◆ What is expected ◆
Each entry that follows is to be copied exactly, minus any pictures.

(Provided entries)

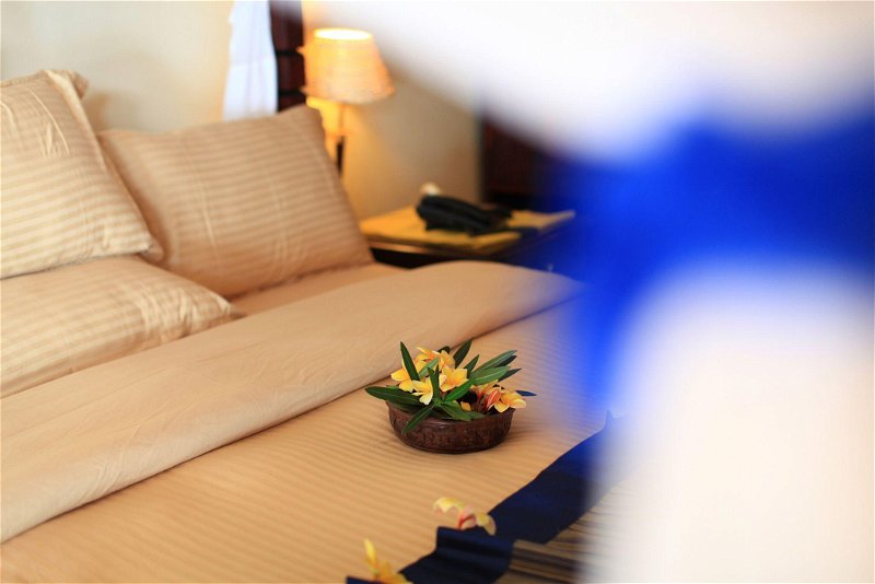 Alle Zimmer verfügen über ein eigenes Bad mit Dusche, Moskitonetze, Klimaanlage, Safe, Minibar/Kühlschrank sowie Tee- und Kaffeezubereitungsmöglichkeiten. Die ruhige Lage und die erhöhte Position des Hotels sorgen für erholsame Nächte.
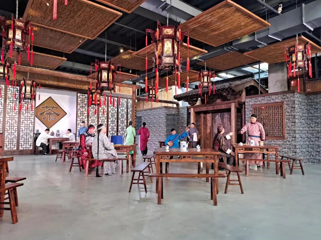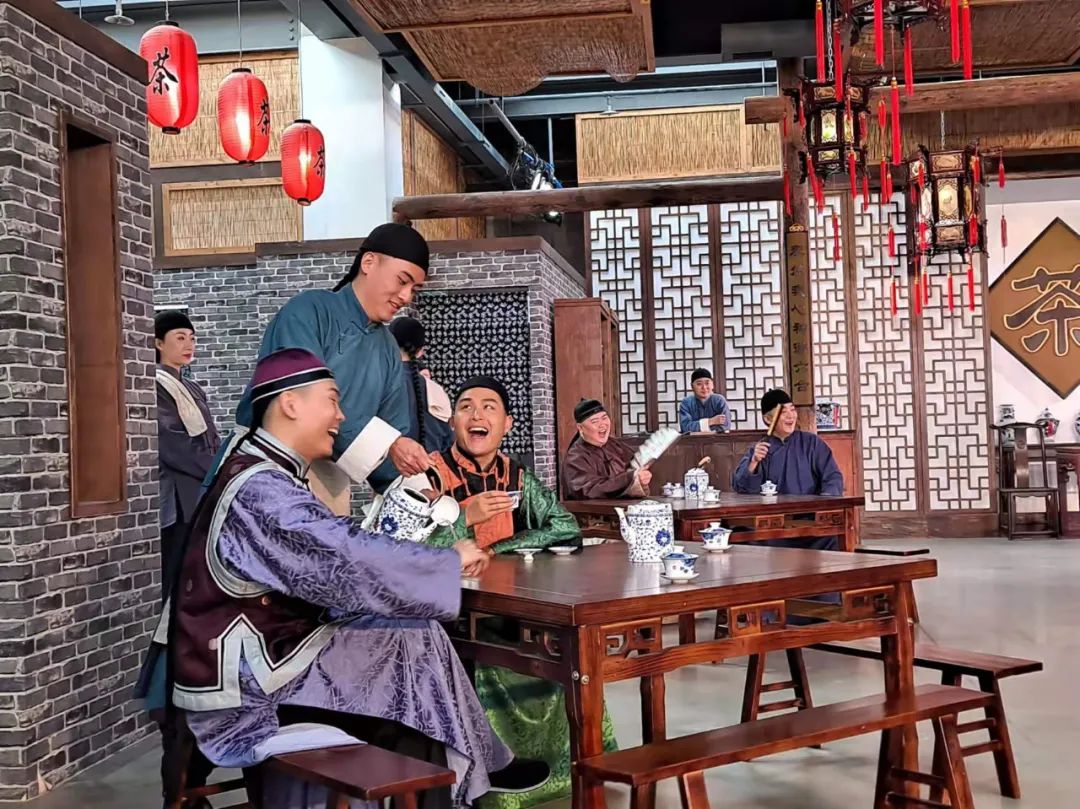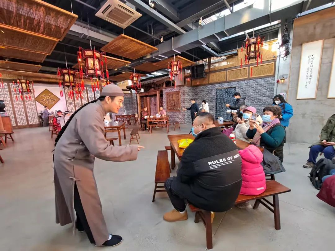 大方桌、长条凳、一壶茶……有遛完鸟前来喝茶的旗人,有清宫里的太监,还有穷困潦倒卖闺女的农民……1月12日,小编来到了台湖镇演艺车间庆礼堂茶馆剧场,由北京曲剧团带来的北京曲剧浸没式驻场演出《茶馆》正在这里上演。
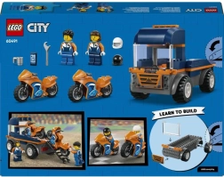 Ontdek de actiebouwset voor kleine racetalenten: de LEGO City motortransporttruck biedt een vlakke laadruimte met oprijplaat, 2 sportmotoren, 2 coureur-minifiguren met helmen en stevige rubberen banden voor stabiel rijden. Ideaal voor kinderen vanaf 4 jaar dankzij de startsteen en de eenvoudige handleiding.
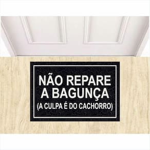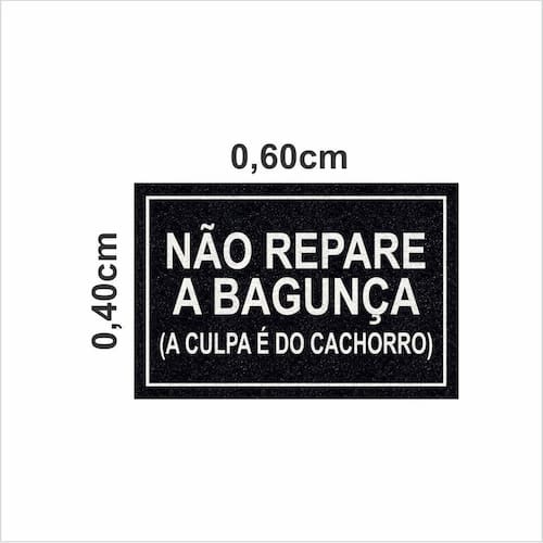 Tapete Capacho Divertido Não Repare Na Bagunça Preto e Prata
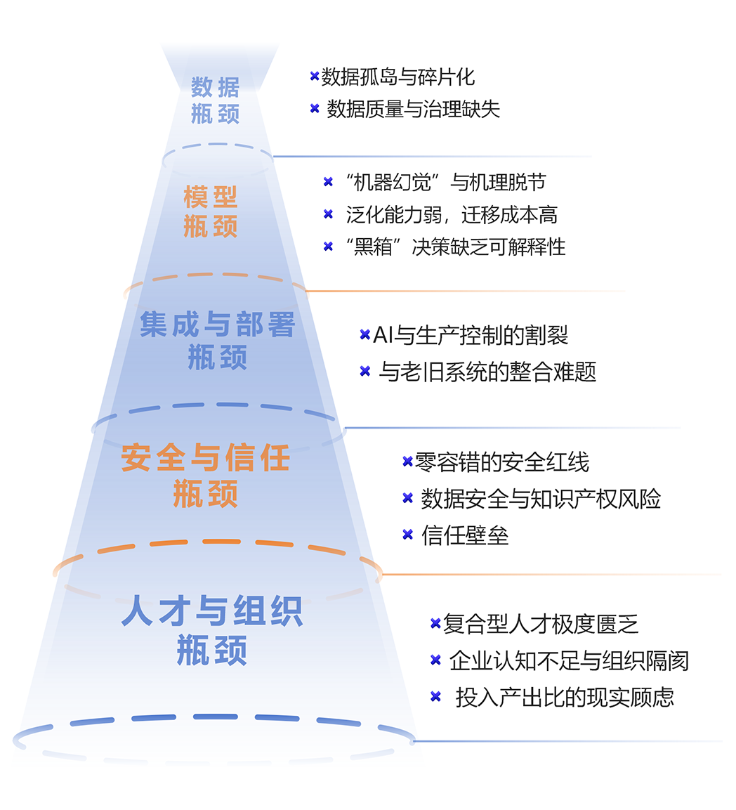針對工業(yè)AI規(guī)?;涞仉y題,溫宜明總裁直言,其瓶頸并非單一的技術(shù)難題,而是一個交織著數(shù)據(jù)、模型、系統(tǒng)、安全、人才與組織的多維度挑戰(zhàn),核心在于實現(xiàn)“可靠、可信、可解釋”的工業(yè)智能,而非簡單堆砌通用AI技術(shù)。

(End Provided entries)

◆ Exercise answer ◆
 Alle Zimmer verfügen über ein eigenes Bad mit Dusche, Moskitonetze, Klimaanlage, Safe, Minibar/Kühlschrank sowie Tee- und Kaffeezubereitungsmöglichkeiten. Die ruhige Lage und die erhöhte Position des Hotels sorgen für erholsame Nächte.
 大方桌、长条凳、一壶茶……有遛完鸟前来喝茶的旗人,有清宫里的太监,还有穷困潦倒卖闺女的农民……1月12日,小编来到了台湖镇演艺车间庆礼堂茶馆剧场,由北京曲剧团带来的北京曲剧浸没式驻场演出《茶馆》正在这里上演。
 Ontdek de actiebouwset voor kleine racetalenten: de LEGO City motortransporttruck biedt een vlakke laadruimte met oprijplaat, 2 sportmotoren, 2 coureur-minifiguren met helmen en stevige rubberen banden voor stabiel rijden. Ideaal voor kinderen vanaf 4 jaar dankzij de startsteen en de eenvoudige handleiding.
 Tapete Capacho Divertido Não Repare Na Bagunça Preto e Prata
針對工業(yè)AI規(guī)?;涞仉y題,溫宜明總裁直言,其瓶頸并非單一的技術(shù)難題,而是一個交織著數(shù)據(jù)、模型、系統(tǒng)、安全、人才與組織的多維度挑戰(zhàn),核心在于實現(xiàn)“可靠、可信、可解釋”的工業(yè)智能,而非簡單堆砌通用AI技術(shù)。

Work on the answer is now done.